En creux, en négatif, le film révèle un manque social invraisemblable et illustre, certainement sans l’avoir voulu, l’irresponsabilité des populations elles-mêmes.

Le manque social invraisemblable, c’est l’absence totale de figures féminines.
Où sont les femmes dans ce film, sinon trois adolescentes fumeuses de joints, sinon trois adolescentes-caïds, sinon deux mères, l’une hystérique, l’autre in-assimilée.
Si le désengagement public, de l’État, est manifeste – là le film ne nous apprend rien que nous ne sachions déjà -, il montre que la femme, dans ces cités, est exclue de la voie publique, de la vie sociale.
Le film montre une société quasi exclusivement masculine où la testostérone fait la loi.

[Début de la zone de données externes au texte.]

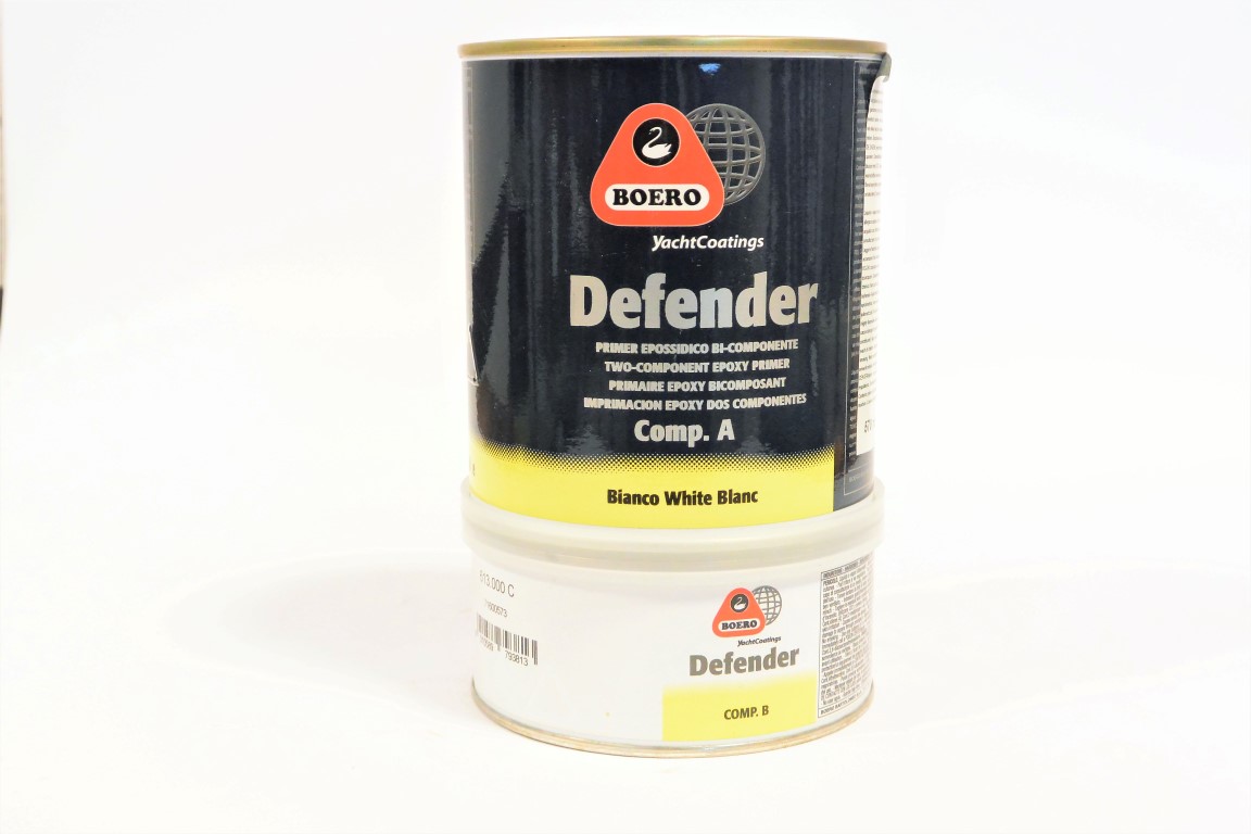 Boero Defender is een 2 componenten epoxy primer die kan worden toegepast op alle soorten ondergronden. Deze coating kan worden gebruikt als primer en als undercoat in verfsystemen. Een bijzonder kenmerk van Defender is zijn uitgebreide overschilder interval wanneer de coating met een antifouling wordt overgeschilderd. Geschikt voor onderwater rompen, maar ook aanbevolen voor boven de waterlijn. Kan na schuren worden overgeschilderd met de een-componenten topcoat Altura TC. Theoretisch verbruik 4 m²/L Aantal lagen 2-4  2e laag na min/max 3 uur Schuurbaar na 12 uur Pot life 5 h Mengverhouding 3:1 Spuitverdunning en % verdunning 693 | 15-25%Kwast/Roller verdunning en % verdunning 693 | max 5%. Voor meer informatie verwijzen wij u naar het Technisch Informatieblad en veiligheidsinformatieblad, te vinden onder het tabblad documenten.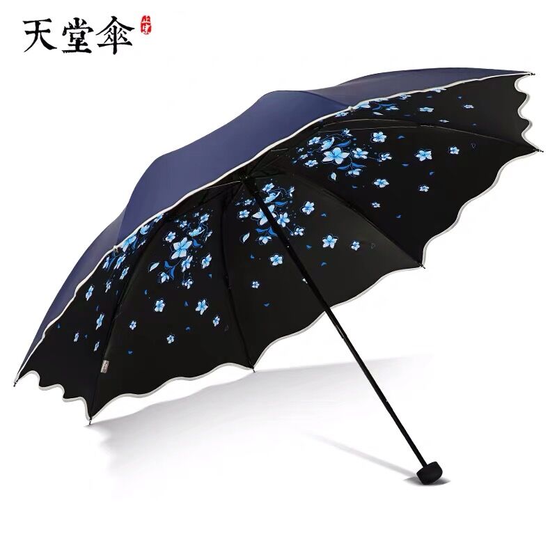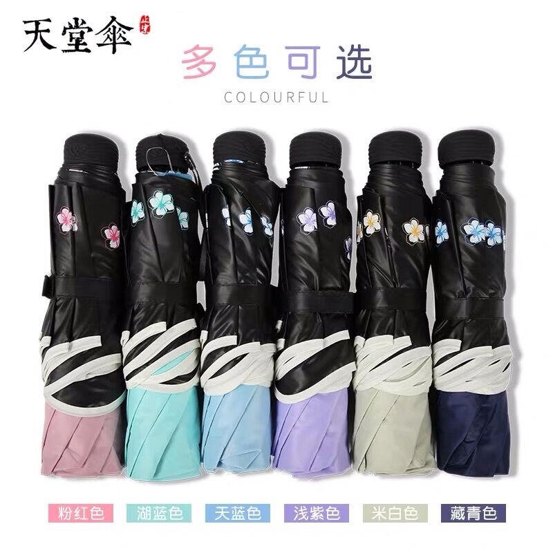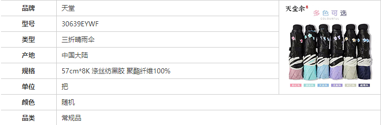 天堂 30639EYWF 57cm*8K 涤丝纺黑胶 聚酯纤维100% 三折晴雨伞 随机
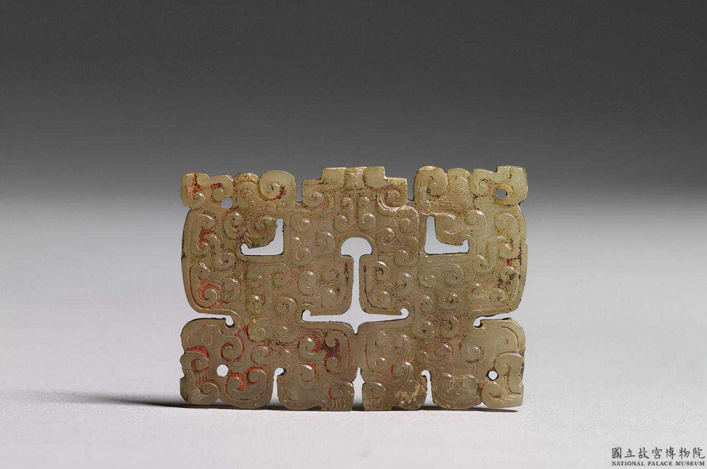 東周鏤空龍鳳玉佩。青玉,表面沾有硃砂。方形,鏤雕一對龍鳳合體,沿輪廓有一圈弦紋,其內浮雕雲紋,間有斜線紋。四個角各鑽有一孔。3.6公分公分公分。國立故宮博物院。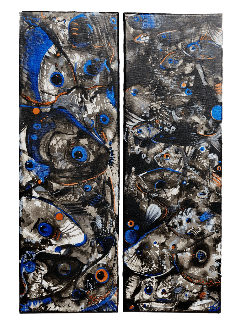 mixed media diptych laced with metallic inks of blue and copper. Each side is an 8×24″ canvas by Cedar Fox, 2024 (available at Oh! Arts Gallery in Mauston, Wisconsin)
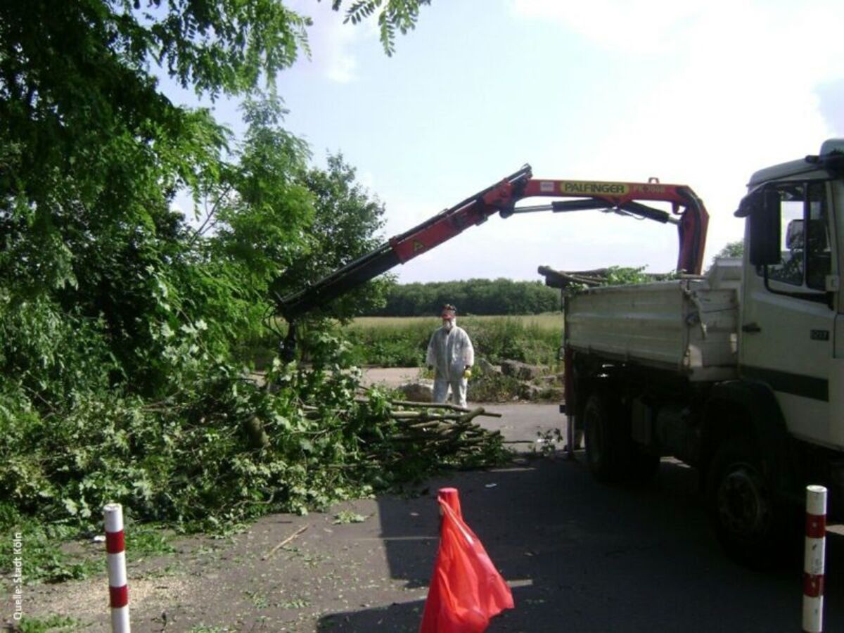 Eine Fällung ist in der Regel – insbesondere in städtischen Grünanlagen oder in privaten Gärten – aus Sicherheitsgründen unvermeidbar. Die Sozialversicherung für Landwirtschaft, Forsten und Gartenbau (SVLFG) rät, die Fällung und Aufarbeitung nur von dafür ausgebildeten Fachleuten vornehmen zu lassen, die über eine passende Ausrüstung und die notwendigen Kenntnissen verfügen.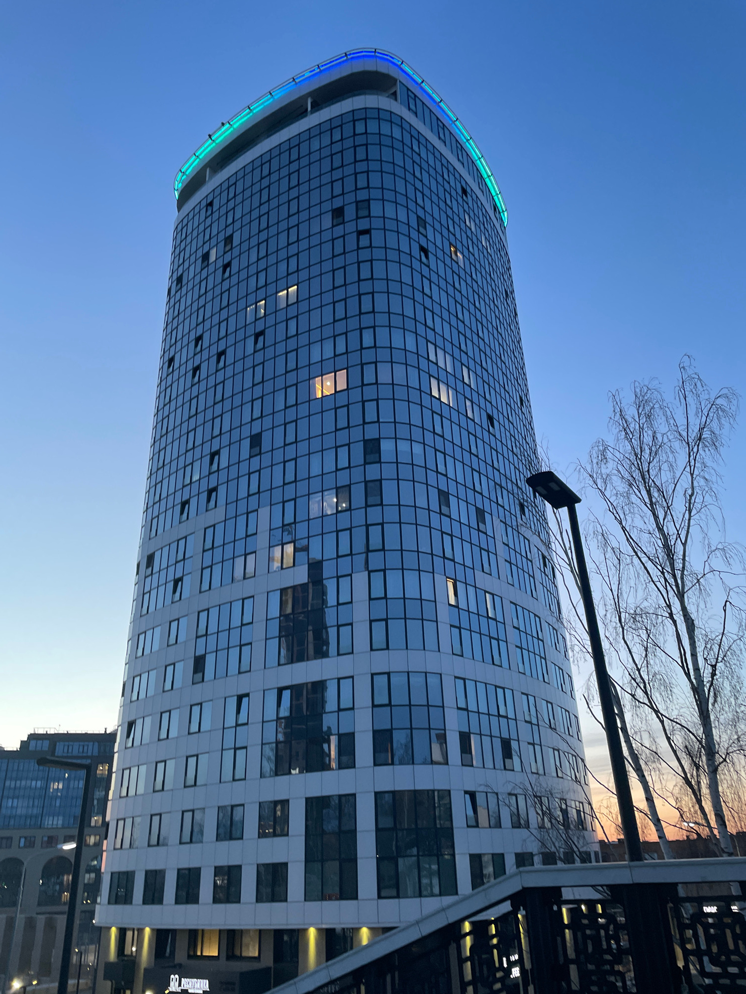 A tall, cylindrical building dominates the scene, situated in Izhevsk, Russia. The building has a grid-like facade comprised of numerous windows, some of which have lights on inside. The top of the bu…read more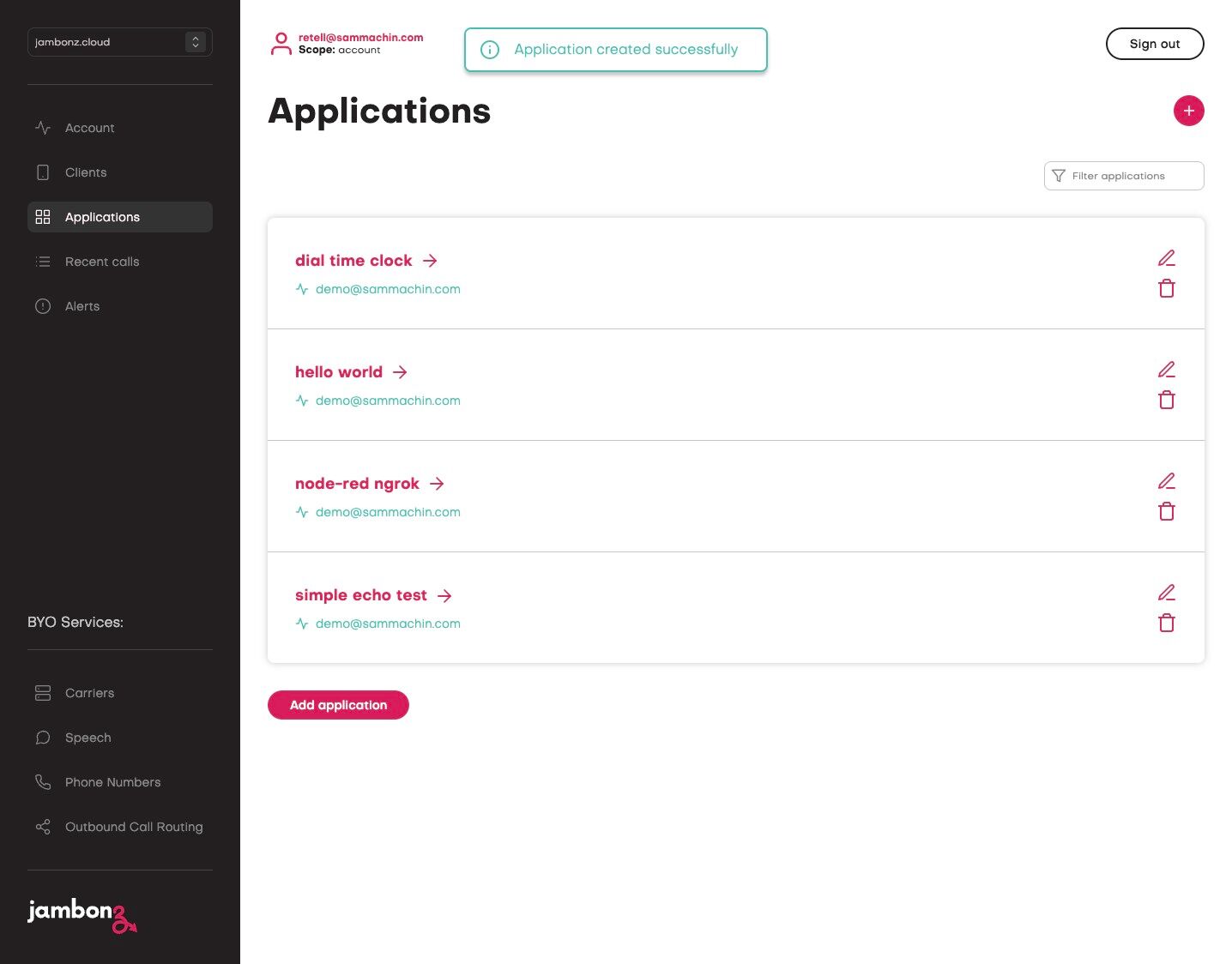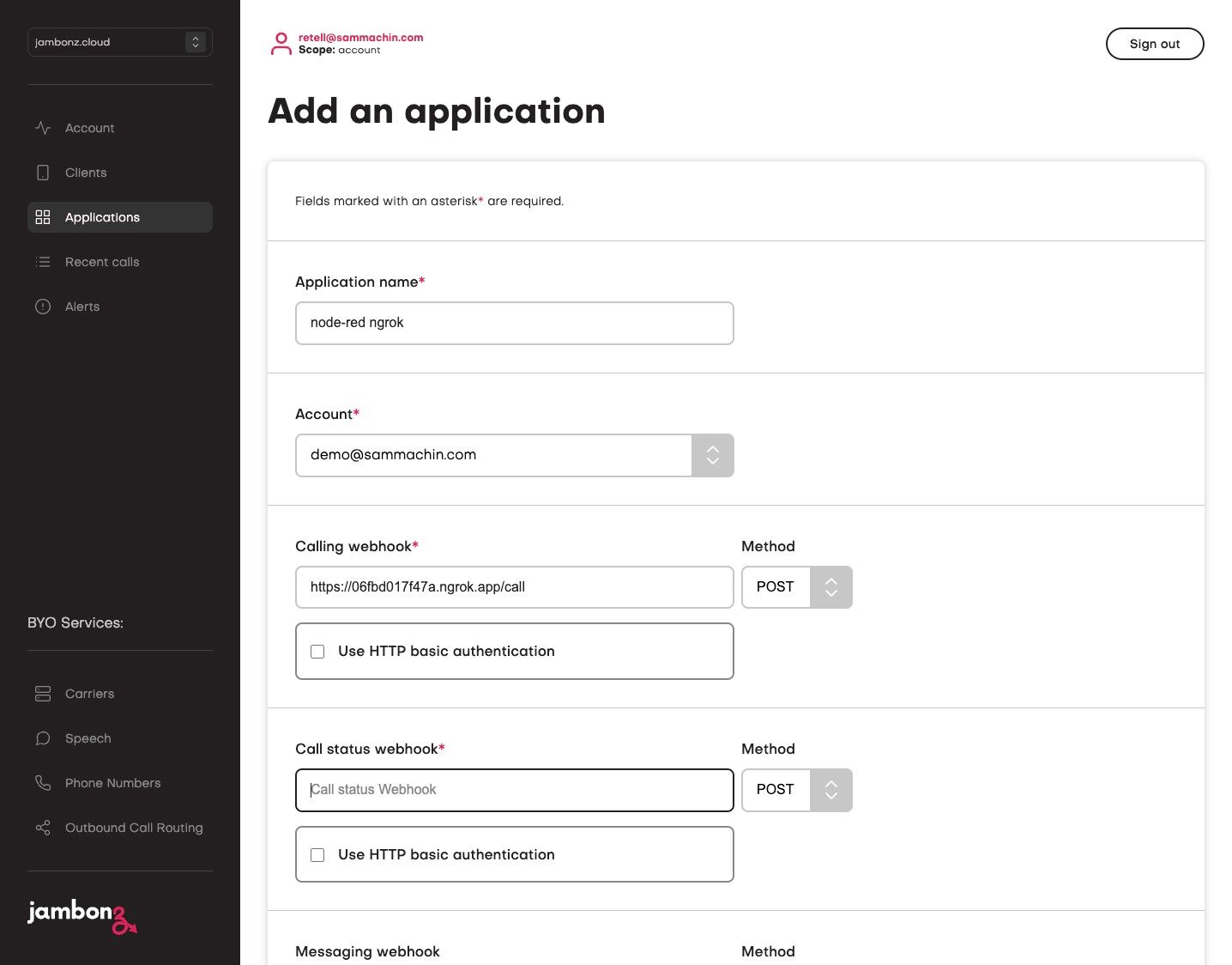 Now that our application is running, we need to configure jambonz to use it. This is done in the jambonz portal by creating a new application.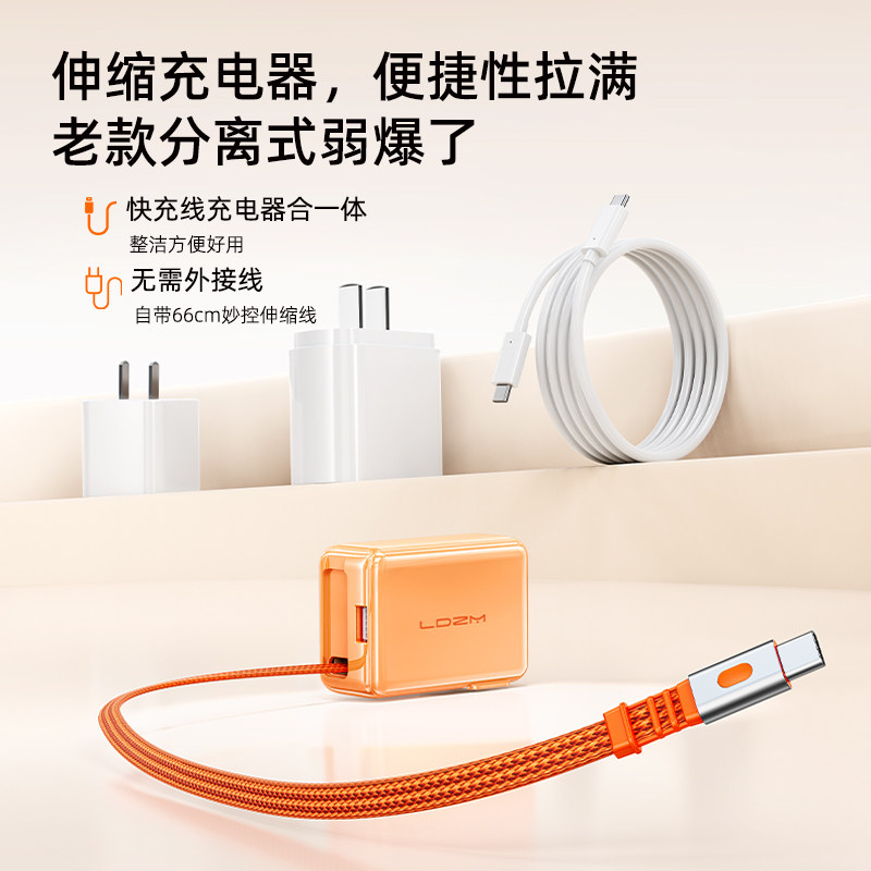 📚 【【iPhone17首选】乐迪智美新款氮化镓充电器伸缩线适用苹果安卓iPhone17ProMax自带数据线充电头抽拉式快充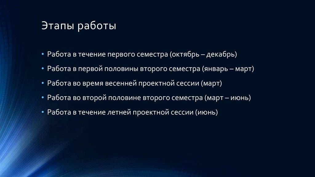 Этапы работы• Работа в течение первого семестра (октябрь – декабрь)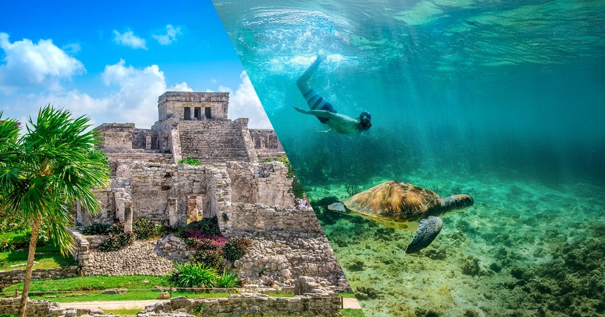 This snorkeling tour includes a boat tour from the beach to the Mayan ruins, we sail in front of the main castle of the ruins and there we stop to appreciate the magnitude of the Mayan empire.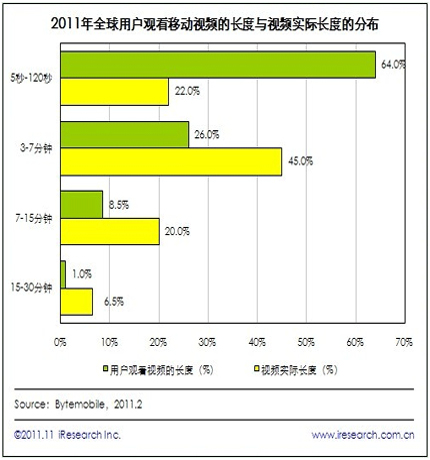 艾瑞咨詢?cè)谘芯緽ytemobile 2011年2月份發(fā)布的全球移動(dòng)視頻研究的報(bào)告中發(fā)現(xiàn),全球有64%的移動(dòng)視頻只被觀看了不超過2分鐘的時(shí)間,而時(shí)長(zhǎng)在2分鐘以內(nèi)的移動(dòng)視頻只有22%,也就是說,相當(dāng)多的視頻沒有被完整地看完。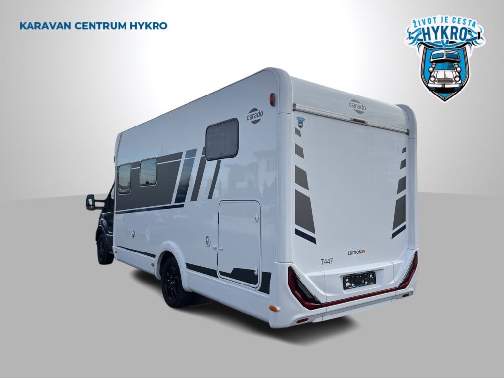 PROVEDENÍ EDITION24 ZAHRNUJE TUTO VÝBAVU: barva podvozku Chroma-Blue, 16″ litá kola, polepy Carado Alternativ, plynové topení Truma Combi 6, druhé garážové dveře 80×85 cm, izolovaná odpadní nádrž, markýza 4.5 m, zatemňovací žaluzie v kabině řidiče, velká lednice 156 l s odděleným mrazákem 29 l, okno na toaletě, rámová okna, interiér obytné části v šedé barvě, designové polepy Edition24
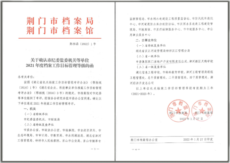 近日,市檔案局、檔案館發(fā)函確認,市城控集團直屬子公司中房集團荊門(mén)公司榮膺“省一級”檔案管理企業(yè),這是按照我省機關(guān)、企業(yè)、科技事業(yè)單位檔案工作目標管理考評辦法規定,由市檔案館組織考評,經(jīng)市委辦公室同意所認定的結果。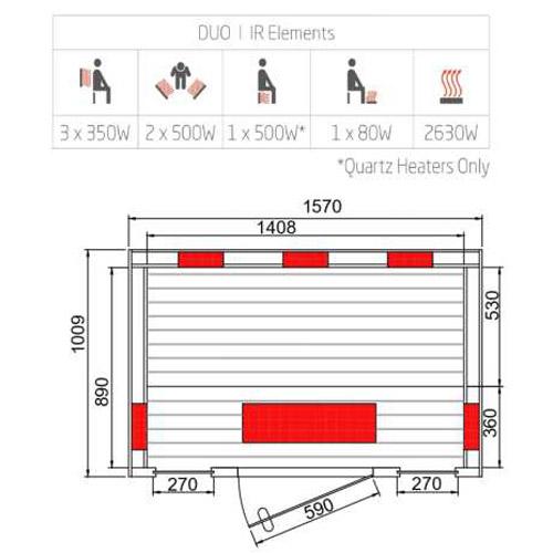 - Radiateurs infrarouges duo avec grille biseautée et radiateurs rotatifs dans les parois avant, sol chauffant.

L’irresponsabilité des populations elles-mêmes, c’est de croire que tout dépend, tout doit venir de l’État, de la Collectivité et qu’elle ne se doit rien à elle-même.
Le film montre que ces populations préfèrent s’en remettre à des acteurs de l’illégalité, du communautarisme, du banditisme.
Ils ont choisi de s’appuyer sur ces lois-là, plutôt que sur celles de la République.
Dans l’un comme dans l’autre cas, ils attendent le salut, leur salut, de l’extérieur, de la manne financière de la Communauté nationale ou de l’emprise d’une pègre mafio-religieuse.

Dans ce film, le principe de responsabilité est complètement absent.
Si la situation est à ce point dégradée, c’est la faute de tous, de tout le monde, sauf de la sienne.

Alors, on peut citer Victor Hugo, tous les plumitifs et tous les orateurs, on peut envoyer tous les meilleurs cultivateurs de la planète au secours de ces royaumes du drame, qu’ils ne pourront rien changer que les mauvaises herbes, les mauvais hommes n’aient décidé de changer en se changeant eux-mêmes.

Plus laconiquement, sans dédouaner l’État de sa responsabilité patente, il y en a assez de ces propagandes stériles du misérabilisme volontaire.